So I bought this J-3 Piper CUb off of ebay for a good price. Here's a link to the same one from the same seller, (mine was cheaper).

http://cgi.ebay.com/37-4-ARF-RC-EP-J...item19b4bf2e96

http://myworld.ebay.com/gemstraveller/


It's an empty plane and I want to make sure that what I plan to put in it is suitable and will work. This is new for me so I would appreciate the advice.

It does not have ailerons but I plan on adding them.

Here's what I plan to drop into it:

RX - spektrum
TX - My waiting to arrive DX6i
Motor - A Skyartec BL 250 - 4500KV Outrunner motor
ESC - I have a 12A that came with the motor but I also have an 18A and a
20A. Which should I use?
Lipo - with the 12A esc I'd use a 7.4V 15C 900mah
- with the 18A esc I'd use the 11.1V 800mah
- with the 20A esc I'd use a 11.1V 800mah (I'd like to use the 11.1V)
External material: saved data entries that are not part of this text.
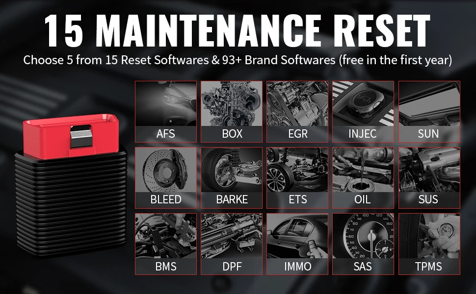 Этот сканер OBD2 специально разработан, чтобы обеспечить вам быстрый доступ к системам транспортных средств для различных плановых услуг и обслуживания. Есть некоторые часто используемые специальные службы сброса перечислены для вашей справки:1. Обслуживание сброса масляной лампы: позволяет выполнить сброс для нового расчета системы жизнедеятельности моторного масла после изменения масла.2. Обслуживание EPB: важно в обслуживании безопасности и эффективности электронной тормозной системы.3. Батарея летучей мыши: позволяет сканировать инструмент для оценки состояния заряда батареи, контролировать ток замыкания, зарегистрировать замену батареи и активировать остальное состояние транспортного средства.4. Обслуживание DPF: специально работает для дизельной системы фильтров твердых частиц с регенерацией DPF, замена компонентов DPF после замены блока управления двигателем.5. Обслуживание SAS: помогает очистить воспоминания о датчике угла поворота и играет важную роль в калибровке датчика угла поворота руля.6. Обслуживание TPMS: имеет смысл в отображении сенсорных идентификаторов из ECU транспортного средства, ввод TPMS сенсорных сменных идентификаторов и датчиков тестирования.7. Программирование ключей IMMO: уникальное Программирование автомобильных ключей и функция считывания ПИН-кода, оно в основном используется для отключения потерянных ключей транспортного средства и программирования нового сменного ключа fob.8.ABS кровотечение: ABS тормозное кровотечение, чтобы получить твердую тормозную колодку После истощения воздуха после ремонта ABS насосной системы9. Сброс солнечного крыши: память солнечного крыши, как правило, необходимо сбросить, когда батарея транспортного средства заменена или машина умирает10. Сброс подвески: попробуйте сброс электронной Подвески с системой массажа закройте все двери koeo flip через систему measage перейти к сбросу подвески или выключению11. Сброс коробки передач: процесс сброса передачи Адаптивное обучение DIY. Запуск автомобиля и вождение. Как только вы выполните эту процедуру, блок управления двигателем (ECU) и блок управления передачей (TCU) будут работать вместе, чтобы узнать, как Вы управляете, отслеживая ваш шаблон вождения. После того, как вы выполните этот метод программирования TCU / ECU привод автомобиля.12. Сброс фар AFS: «AFS» означает адаптивную переднюю систему освещения (ночью с би-ксеноновыми фарами), она поворачивается с обеих сторон, нажатие этой кнопки означает, что они не поворачиваются вперед и не поворачиваются, когда вы поворачиваете руль13. Кодирование инжектора: утечки инжекторов и некоторые мертвые инжекторы могут быть пропущены даже когда инжектор отключен. Другие проблемы с системой зажигания и механическими компонентами также могут не показывать потерю оборотов в минуту при выключении инжектора14. Приспособление дроссельной заслонки корпус дроссельной заслонки представляет собой трубу, содержащую поворотный плоский клапан (бабочка), который используется для контроля количества воздуха, входящего в двигатель. В автомобиле с электронным топливом Датчик положения дроссельной заслонки и датчик воздушного потока связываются с компьютером, который поставляет соответствующее количество топлива, необходимое для инжекторов. Необходимо повторно изучить положение датчика дроссельной засл
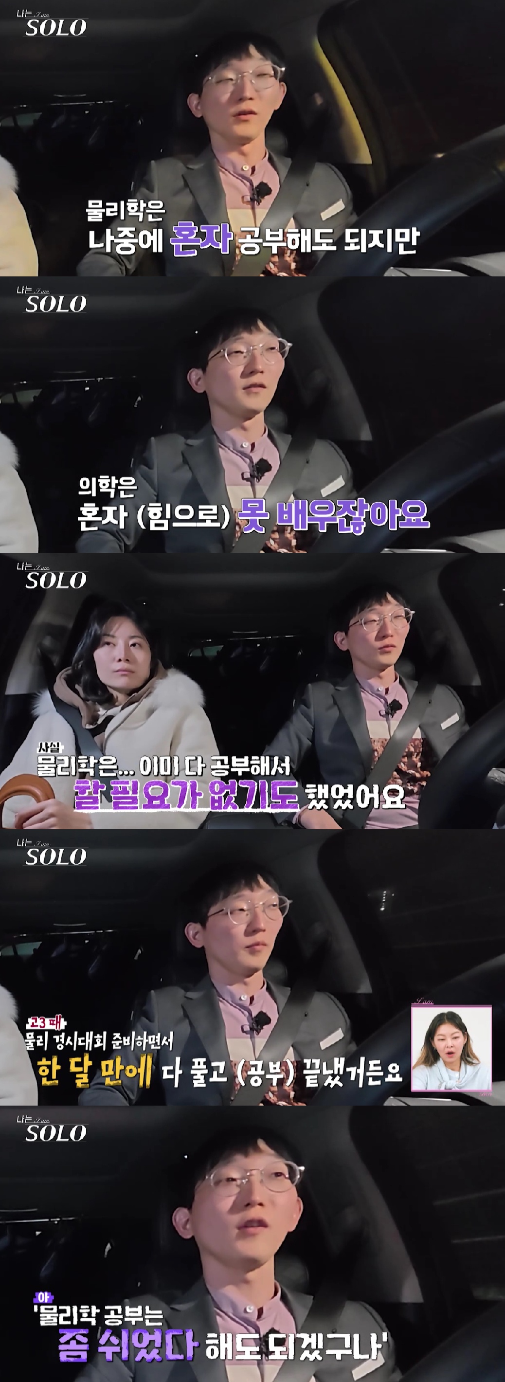 그러면서 "물리학은 이미 다 공부해서 할 필요가 없기도 했다. 고3 때 물리 경시대회 준비하면서 한 달 만에 다 풀고 (공부) 끝냈다"면서 "물리학 공부는 좀 쉬었다 해도 되겠구나 싶었다"며 천재적인 면모를 드러냈다.
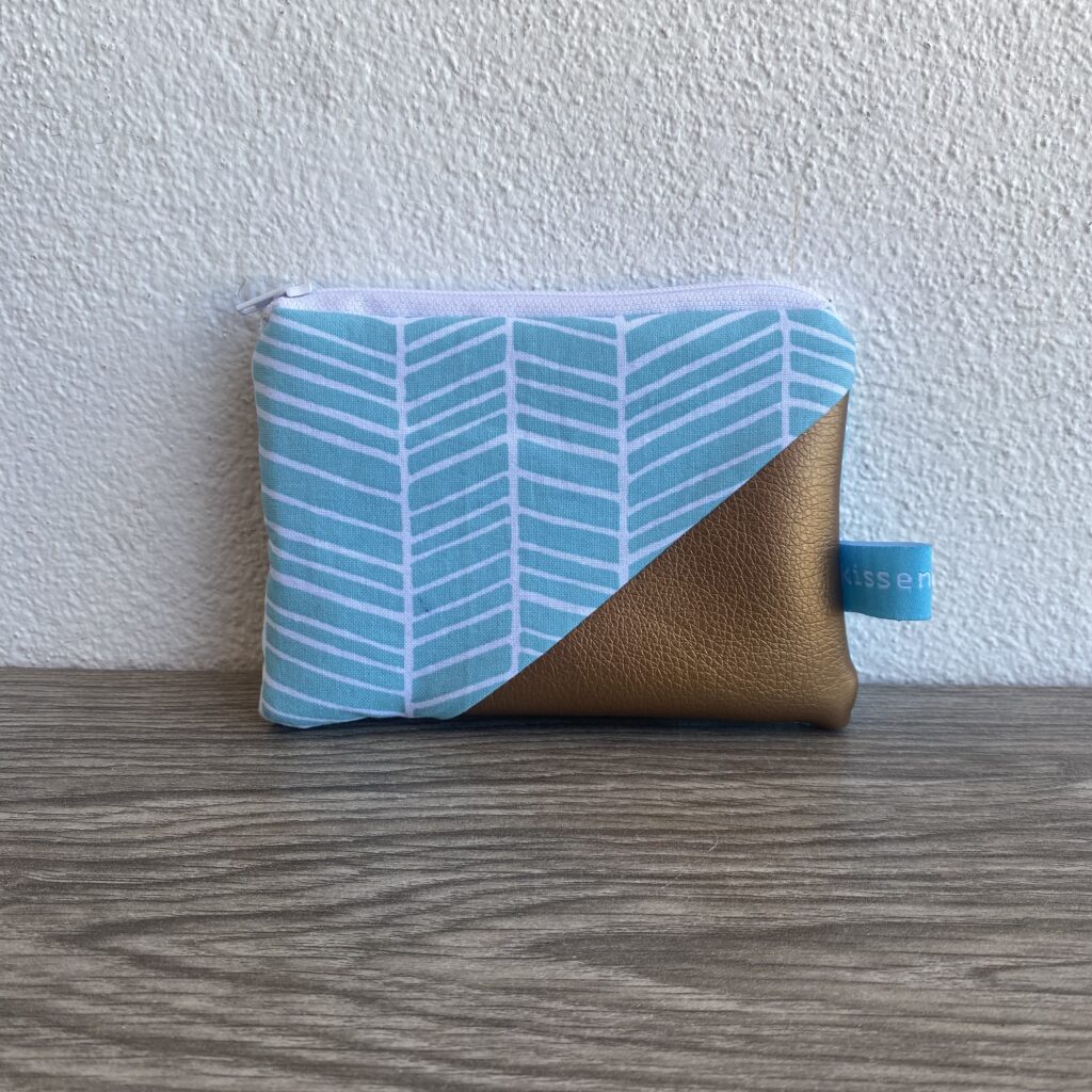 Diese schöne Mini-Geldbörse in meersfarbenem Türkis mit geometrischem Muster ist super praktisch für unterwegs, wenn Du nicht viel mitnehmen willst.
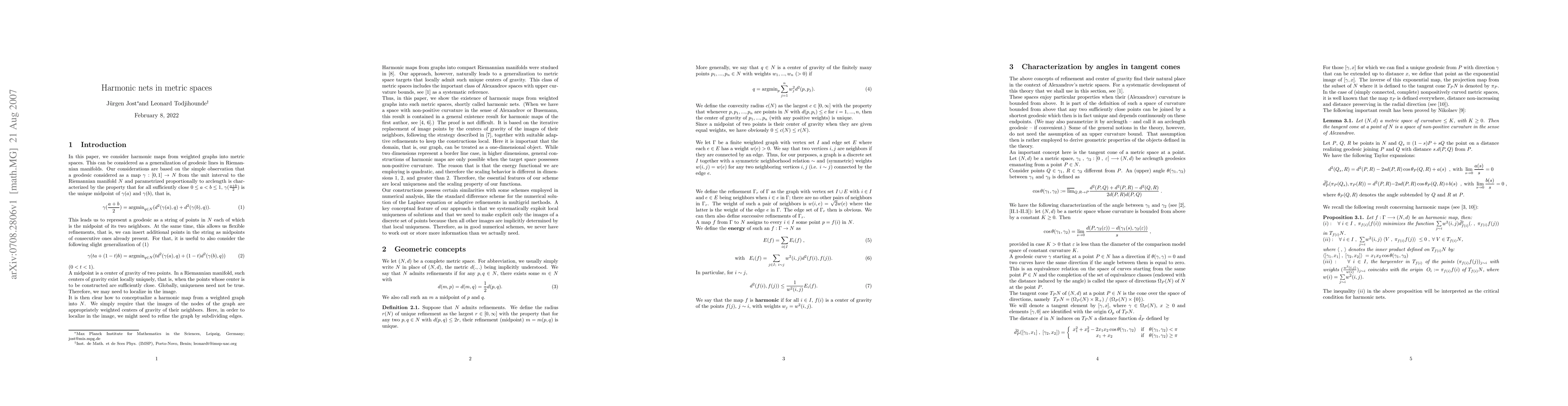 We investigate harmonic maps from weighted graphs into metric spaces that locally admit unique centers of gravity, like Alexandrov spaces with upper curvature bounds. We prove an existence result by constructing an iterative geometric process that converges to such maps, called harmonic nets for short.

Prop - stock is a 7 x 4" but I have five 6 x 4" APC props from a goofed order from Grayson hobbies that I'd like to find a use for.
servos: - rc-timer micro servos from ebay

Here are the specs for the plane listed on the ebay listing:

Length : 720mm
Wing span : 950mm
Flying Weight : 500g
Motor : 370A with gearbox
Propeller : 7 X 4"
Battery : 9.6V AAA 600mAh (not included)
Radio : FM4-Channel proportional radio (not included)
Package Weight : ~1285g


SO my questions are:

Which prop to use? Can I use my 6 x 4s ?

Which esc should I use and is my 11.1V suitable for it?

Can I put ailerons on this and use one servo or does each aileron need its own servo?

Thanks for the help, this will be fun!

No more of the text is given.